Items listed in a dataset:
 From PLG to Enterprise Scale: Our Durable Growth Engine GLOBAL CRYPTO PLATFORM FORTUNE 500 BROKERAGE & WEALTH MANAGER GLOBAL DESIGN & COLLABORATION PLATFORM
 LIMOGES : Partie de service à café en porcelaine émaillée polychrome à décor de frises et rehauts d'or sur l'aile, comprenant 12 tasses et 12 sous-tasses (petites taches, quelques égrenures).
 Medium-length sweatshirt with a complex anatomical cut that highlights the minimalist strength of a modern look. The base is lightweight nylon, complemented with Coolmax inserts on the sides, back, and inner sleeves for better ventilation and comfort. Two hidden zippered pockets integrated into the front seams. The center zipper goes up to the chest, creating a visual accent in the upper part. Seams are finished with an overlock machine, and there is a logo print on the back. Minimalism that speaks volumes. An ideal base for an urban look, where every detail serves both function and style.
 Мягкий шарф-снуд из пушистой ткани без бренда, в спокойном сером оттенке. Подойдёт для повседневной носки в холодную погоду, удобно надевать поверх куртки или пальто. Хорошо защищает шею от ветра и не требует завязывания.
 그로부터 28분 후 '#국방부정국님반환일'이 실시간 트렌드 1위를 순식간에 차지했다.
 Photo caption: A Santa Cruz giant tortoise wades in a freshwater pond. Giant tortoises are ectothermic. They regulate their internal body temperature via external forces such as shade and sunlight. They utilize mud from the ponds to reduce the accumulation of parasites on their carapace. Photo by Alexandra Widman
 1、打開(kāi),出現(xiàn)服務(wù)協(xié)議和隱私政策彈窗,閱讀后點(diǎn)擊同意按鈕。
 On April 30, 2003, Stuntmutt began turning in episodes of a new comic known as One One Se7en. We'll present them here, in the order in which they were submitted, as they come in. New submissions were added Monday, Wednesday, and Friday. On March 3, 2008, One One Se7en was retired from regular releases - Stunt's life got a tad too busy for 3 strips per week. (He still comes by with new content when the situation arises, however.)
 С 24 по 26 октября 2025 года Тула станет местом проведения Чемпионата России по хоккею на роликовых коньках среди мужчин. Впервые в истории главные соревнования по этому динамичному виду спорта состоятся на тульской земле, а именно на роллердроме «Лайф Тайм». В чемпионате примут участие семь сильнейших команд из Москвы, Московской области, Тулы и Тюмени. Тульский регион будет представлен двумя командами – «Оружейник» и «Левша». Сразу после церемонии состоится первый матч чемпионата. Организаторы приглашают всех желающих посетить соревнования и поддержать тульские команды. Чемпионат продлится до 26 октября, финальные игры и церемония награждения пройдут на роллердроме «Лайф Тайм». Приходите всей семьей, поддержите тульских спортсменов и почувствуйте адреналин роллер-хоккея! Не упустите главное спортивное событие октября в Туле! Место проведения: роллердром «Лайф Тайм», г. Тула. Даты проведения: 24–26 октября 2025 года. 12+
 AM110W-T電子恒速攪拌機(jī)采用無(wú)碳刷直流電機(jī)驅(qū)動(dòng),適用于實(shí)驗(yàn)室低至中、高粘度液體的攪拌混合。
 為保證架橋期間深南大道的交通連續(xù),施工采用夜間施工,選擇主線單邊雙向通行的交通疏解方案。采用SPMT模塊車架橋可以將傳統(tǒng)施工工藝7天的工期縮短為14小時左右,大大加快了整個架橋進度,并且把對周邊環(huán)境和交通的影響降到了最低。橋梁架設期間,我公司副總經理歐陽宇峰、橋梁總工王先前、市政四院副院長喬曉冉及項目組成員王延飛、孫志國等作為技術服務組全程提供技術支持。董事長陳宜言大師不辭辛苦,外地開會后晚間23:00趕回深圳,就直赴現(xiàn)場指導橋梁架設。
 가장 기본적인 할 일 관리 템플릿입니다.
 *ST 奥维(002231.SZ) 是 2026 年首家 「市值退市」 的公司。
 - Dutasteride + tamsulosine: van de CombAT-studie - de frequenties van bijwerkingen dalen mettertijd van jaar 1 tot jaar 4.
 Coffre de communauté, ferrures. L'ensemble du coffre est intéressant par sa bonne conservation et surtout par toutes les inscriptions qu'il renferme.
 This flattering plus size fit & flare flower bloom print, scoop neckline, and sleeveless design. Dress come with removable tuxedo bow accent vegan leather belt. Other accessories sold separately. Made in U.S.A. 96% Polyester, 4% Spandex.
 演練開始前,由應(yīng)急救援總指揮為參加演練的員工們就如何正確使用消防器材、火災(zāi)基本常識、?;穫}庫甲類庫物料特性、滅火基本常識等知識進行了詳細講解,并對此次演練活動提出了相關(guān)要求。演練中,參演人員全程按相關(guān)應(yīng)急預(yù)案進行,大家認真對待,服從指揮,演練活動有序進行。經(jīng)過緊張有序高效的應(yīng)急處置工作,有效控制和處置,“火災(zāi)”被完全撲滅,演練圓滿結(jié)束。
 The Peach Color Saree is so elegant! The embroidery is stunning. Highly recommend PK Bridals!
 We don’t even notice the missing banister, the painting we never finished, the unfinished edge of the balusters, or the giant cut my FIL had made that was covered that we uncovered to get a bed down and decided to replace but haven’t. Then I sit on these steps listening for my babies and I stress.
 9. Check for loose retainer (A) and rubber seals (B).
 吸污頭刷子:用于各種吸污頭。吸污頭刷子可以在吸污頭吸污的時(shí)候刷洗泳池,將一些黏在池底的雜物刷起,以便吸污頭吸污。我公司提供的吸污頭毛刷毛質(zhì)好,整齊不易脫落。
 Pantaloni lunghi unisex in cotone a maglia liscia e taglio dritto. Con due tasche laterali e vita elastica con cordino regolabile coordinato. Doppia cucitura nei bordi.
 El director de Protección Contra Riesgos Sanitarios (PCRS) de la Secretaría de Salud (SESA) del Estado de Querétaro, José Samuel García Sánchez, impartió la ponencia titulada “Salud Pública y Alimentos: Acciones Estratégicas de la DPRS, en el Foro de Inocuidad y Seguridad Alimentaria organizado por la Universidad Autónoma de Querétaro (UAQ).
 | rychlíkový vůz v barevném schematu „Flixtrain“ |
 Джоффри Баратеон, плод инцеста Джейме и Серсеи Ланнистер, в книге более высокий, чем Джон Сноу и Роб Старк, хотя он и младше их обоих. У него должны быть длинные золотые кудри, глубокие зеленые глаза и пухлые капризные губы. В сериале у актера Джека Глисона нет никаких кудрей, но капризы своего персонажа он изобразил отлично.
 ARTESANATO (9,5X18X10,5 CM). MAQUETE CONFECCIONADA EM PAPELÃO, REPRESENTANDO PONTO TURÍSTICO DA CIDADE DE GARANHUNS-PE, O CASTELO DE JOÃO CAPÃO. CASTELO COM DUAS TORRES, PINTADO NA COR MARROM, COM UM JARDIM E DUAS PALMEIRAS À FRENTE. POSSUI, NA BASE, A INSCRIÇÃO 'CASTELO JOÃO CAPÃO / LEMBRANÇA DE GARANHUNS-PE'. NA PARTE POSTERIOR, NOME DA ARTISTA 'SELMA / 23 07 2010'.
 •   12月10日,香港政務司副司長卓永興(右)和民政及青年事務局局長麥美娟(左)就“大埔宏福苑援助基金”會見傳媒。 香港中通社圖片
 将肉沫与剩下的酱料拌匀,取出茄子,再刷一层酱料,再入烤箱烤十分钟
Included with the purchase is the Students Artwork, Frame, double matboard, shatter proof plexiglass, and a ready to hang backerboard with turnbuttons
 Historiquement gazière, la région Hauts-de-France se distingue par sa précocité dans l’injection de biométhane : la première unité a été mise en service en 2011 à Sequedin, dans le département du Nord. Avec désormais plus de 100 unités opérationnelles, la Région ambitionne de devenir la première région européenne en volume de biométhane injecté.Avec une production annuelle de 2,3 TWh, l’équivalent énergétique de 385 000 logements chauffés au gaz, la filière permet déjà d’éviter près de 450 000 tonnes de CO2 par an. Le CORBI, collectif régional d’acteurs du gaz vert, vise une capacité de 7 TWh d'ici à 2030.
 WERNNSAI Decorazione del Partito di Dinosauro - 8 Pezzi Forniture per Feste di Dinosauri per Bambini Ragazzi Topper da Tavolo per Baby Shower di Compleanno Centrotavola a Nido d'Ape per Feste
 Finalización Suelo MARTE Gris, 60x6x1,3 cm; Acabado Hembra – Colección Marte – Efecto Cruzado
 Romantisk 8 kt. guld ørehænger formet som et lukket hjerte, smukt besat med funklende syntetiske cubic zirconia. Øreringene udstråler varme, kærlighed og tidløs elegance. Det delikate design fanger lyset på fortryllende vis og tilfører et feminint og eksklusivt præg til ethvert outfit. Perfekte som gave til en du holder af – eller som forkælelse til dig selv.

**Task objective**
Which lines in the data above hold the string "xiàn"? Return each of them.

**The answer**
 1、打開(kāi),出現(xiàn)服務(wù)協(xié)議和隱私政策彈窗,閱讀后點(diǎn)擊同意按鈕。
 為保證架橋期間深南大道的交通連續(xù),施工采用夜間施工,選擇主線單邊雙向通行的交通疏解方案。采用SPMT模塊車架橋可以將傳統(tǒng)施工工藝7天的工期縮短為14小時左右,大大加快了整個架橋進度,并且把對周邊環(huán)境和交通的影響降到了最低。橋梁架設期間,我公司副總經理歐陽宇峰、橋梁總工王先前、市政四院副院長喬曉冉及項目組成員王延飛、孫志國等作為技術服務組全程提供技術支持。董事長陳宜言大師不辭辛苦,外地開會后晚間23:00趕回深圳,就直赴現(xiàn)場指導橋梁架設。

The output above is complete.